*** Opening MATERIAL PROVIDED ***
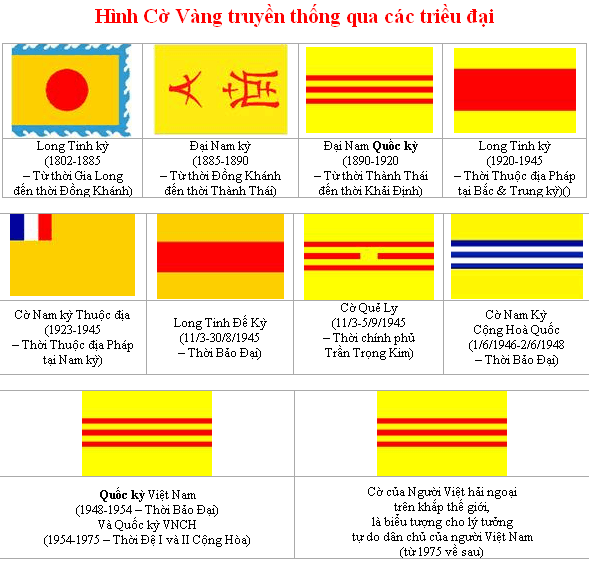Tinh thần của 1 đân tộc thường thì tiếp nối qua lá cờ. Ai cũng có thể hiểu, chính trị sẻ luôn biến chuyển theo nhịp điệu của thời gian... Chiếc áo không làm nên thầy tu. Vì lẻ đó, màu cờ nào có thể sẻ 1 lần nữa xuất hiện ở VN trong tương lai thì không quan trọng cho lắm, sự mong muốn quyết định của người dân Việt là làm sao có được 1 nước Việt-Nam không độc tài = 1 nhà VN tự do trong mọi khía cạnh được đặt dưới 1 luật pháp minh bạch và 1 nhân quyền được thế giới công nhận và ủng hộ.
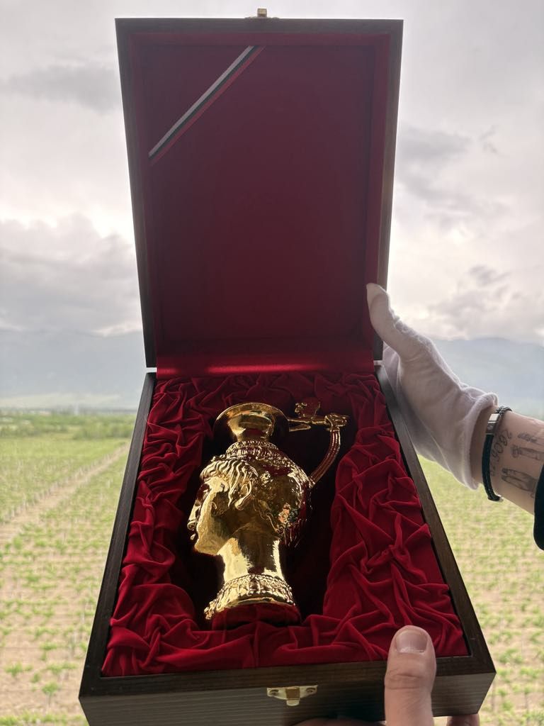 Репликата се продава в луксозна дървена кутия, ръчно изработена, подплатена с вишнево червено кадифе от вътрешната страна и специално изработено легло за амфората.
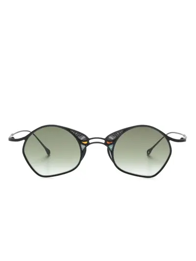 black titanium metal frame gradient lenses UV-protective lenses nose pads straight arms curved tips
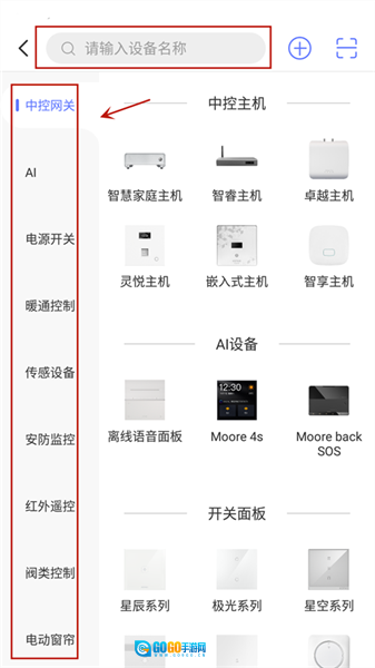 2、在以下页面中,你可以通过左侧导航栏查找想要连接的设备类型,也能在顶部的搜索栏输入设备名称进行搜索。
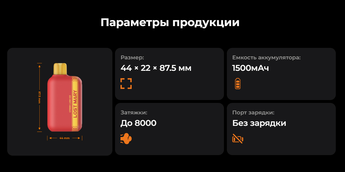Упаковка устройства прямоугольной формы, на которой изображение девайса, название бренда, количество затяжек и вся информационная характеристика для потребителя. Стиль как всегда отличается яркостью и оригинальностью. Как коробка, так и одноразовая электронная сигарета LOST MARY CF (Лост Мари ЦФ) 8000 представлена в сочных и насыщенных оттенках.
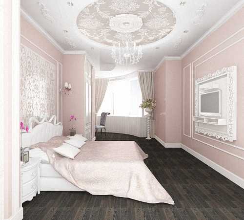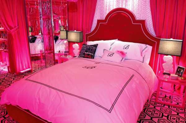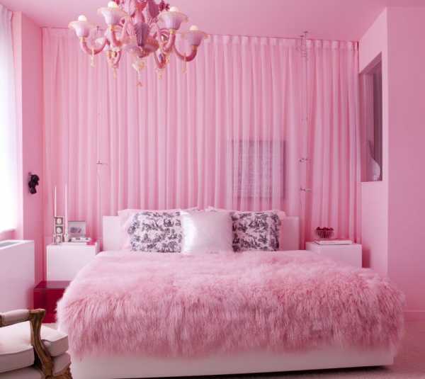 Одним из представителей подобных особенных дизайнов является спальня, отделанная в розовом цвете.
*** Closing MATERIAL PROVIDED ***
> **WORK INSTRUCTIONS**:
A verbatim copy of the data, with all pictures omitted, is the required output.

> **YOUR SOLUTION**:
Tinh thần của 1 đân tộc thường thì tiếp nối qua lá cờ. Ai cũng có thể hiểu, chính trị sẻ luôn biến chuyển theo nhịp điệu của thời gian... Chiếc áo không làm nên thầy tu. Vì lẻ đó, màu cờ nào có thể sẻ 1 lần nữa xuất hiện ở VN trong tương lai thì không quan trọng cho lắm, sự mong muốn quyết định của người dân Việt là làm sao có được 1 nước Việt-Nam không độc tài = 1 nhà VN tự do trong mọi khía cạnh được đặt dưới 1 luật pháp minh bạch và 1 nhân quyền được thế giới công nhận và ủng hộ.
 Репликата се продава в луксозна дървена кутия, ръчно изработена, подплатена с вишнево червено кадифе от вътрешната страна и специално изработено легло за амфората.
 black titanium metal frame gradient lenses UV-protective lenses nose pads straight arms curved tips
 2、在以下页面中,你可以通过左侧导航栏查找想要连接的设备类型,也能在顶部的搜索栏输入设备名称进行搜索。
Упаковка устройства прямоугольной формы, на которой изображение девайса, название бренда, количество затяжек и вся информационная характеристика для потребителя. Стиль как всегда отличается яркостью и оригинальностью. Как коробка, так и одноразовая электронная сигарета LOST MARY CF (Лост Мари ЦФ) 8000 представлена в сочных и насыщенных оттенках.
 Одним из представителей подобных особенных дизайнов является спальня, отделанная в розовом цвете.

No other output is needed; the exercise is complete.